The TeegsThe In-Teeg and the Out-Teeg
Two huge machines dominate the Core: the Telegressors, or "Teegs" -- iron-foam shells 21 kilometers in diamater, containing complex and mystical machinery that defies human understanding of the Universe. Each Teeg is a one-way gate through normal space, from the Core of its own Lattice World to a corresponding Teeg in one of the eight adjacent Lattice Worlds within the Lattice's two-dimensional matrix. One, the Out-Teeg, operates as a Sender, with its destination defined by the Control Center computers. The other, the In-Teeg, processes matter transmitted from the eight neighbors.
Once a connection is established by the Out-Teeg (an automated process that takes a minimum of seven minutes, assuming no delay of connection exists), any physical material in the Core can be pushed into the Teeg's interface, and will instantly emerge from the In-Teeg in the desginated neighboring Lattice World.

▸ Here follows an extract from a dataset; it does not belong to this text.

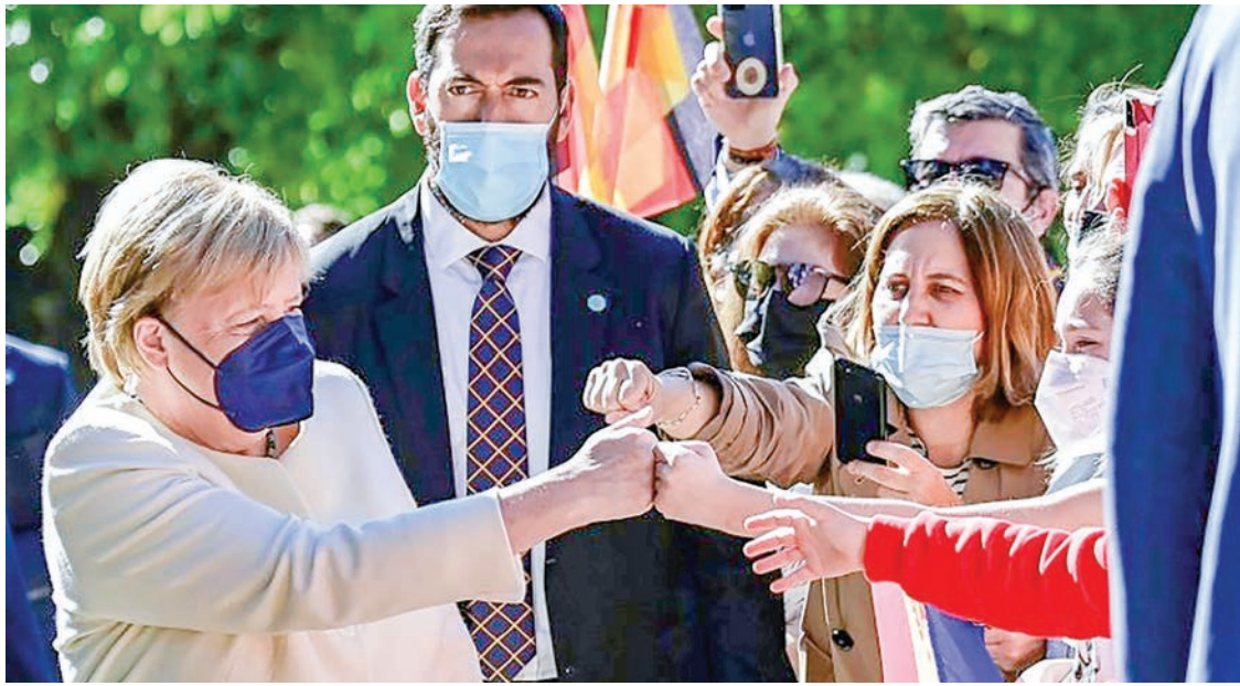
Angela Merkel has been lauded for her steady hand in steering the bloc through crisis after crisis.

The Teeg interfaces, which glow bright green, stretch for 16 kilometers across the Teeg's outer face, leaving more than enough room for large ships to transfer back and forth between Lattice Worlds with ease (indeed, the only practical concern of such ships is the two-kilometer width of the Fluteholes in the Pole Tunnels).

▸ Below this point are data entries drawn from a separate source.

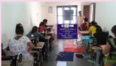
IWC NANDED ORGANISED 3 MONTHS SEWING CLASSES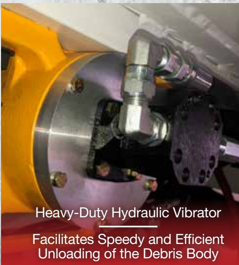
Heavy-Duty Hydraulic Vibrator Facilitates Speedy and Efficient Unloading of the Debris Body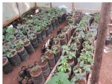
Growth status after transplanting to 30 cm pot size and aphids controlled by manual management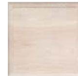
WHITE WASHED OAK

Facing the Teegs, mounted on the outer walls of the Core, are two huge lights, called the Sidelights, which illuminate the interior of the Core, and cast eery spiderlike shadows of the Teegs and Teeg Wires on opposite walls. The first thing a traveller sees, upon entering a Lattice World Core from a Teeg, is that shadow, with the Sidelight glowing in its midst, like an eye.
The Teeg Wires
Though securely connected to the Pole Tunnels, the Teegs also enjoy further stability from a series of thick cables, called Teeg Wires, which stretch from the Teegs' shells to the inside walls of the Core. Seven Teeg Wires space equally around the edge of each Teeg, at an angle of 40° to the Pole Tunnels themselves. They are 600 meters thick, and constructed of the same iron foam as is the Lattice Worlds themselves. Their tensile strength is not great, and their practical value has been called into question by engineers; but considering how little tidal force actually affects the Teegs at their central location within a Lattice World, they seem to do the job (if, indeed, we have guessed their function correctly).

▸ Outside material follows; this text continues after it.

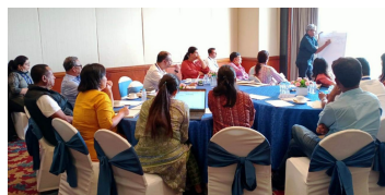
I-TECH India facilitating group work during OSC workshop (Delhi)

National consultation of One Stop Centre for Key and Bridge Populations in HIV care: I-TECH India participated and facilitated a session at the 'National Consultation of One Stop Centre (OSC) for Key and Bridge Populations in HIV care' which focussed on concretizing the concept of one stop centers and exploring the strategies and service components in implementation of one stop centers for key and bridge population (20-21 June 2022). The objective of the consultation also focussed on developing strategies for implementation of venue based integrated service delivery based on existing experience of Delhi.

The Teeg Wires offer up some small amount of navigation hazard within a Lattice World's core; despite their minimal occupation of the Core's volume, careless flight has seen more than one vessel wrecked against a Teeg Wire (and, on occasion, the Wire wrecked as well).
1WT and XWT
Granted, that the leap of 5.1 lightyears in a fraction of a second is an amazing feat -- but since the function of the Teegs was discovered, mankind has wondered whether some method exists of specifying a non-adjacent Lattice World as the destination of the Out-Teeg. So far the search for Multi-World Travel (XWT) has proven fruitless, and all commerce and transport must labor under the Seven-Minute Limit of Single-World Travel (1WT). But the search continues, in nearly every Control Center occupied by man. Among the treasures to be had, if XWT is achieved, is the answer to whether the Lattice is indeed infinite.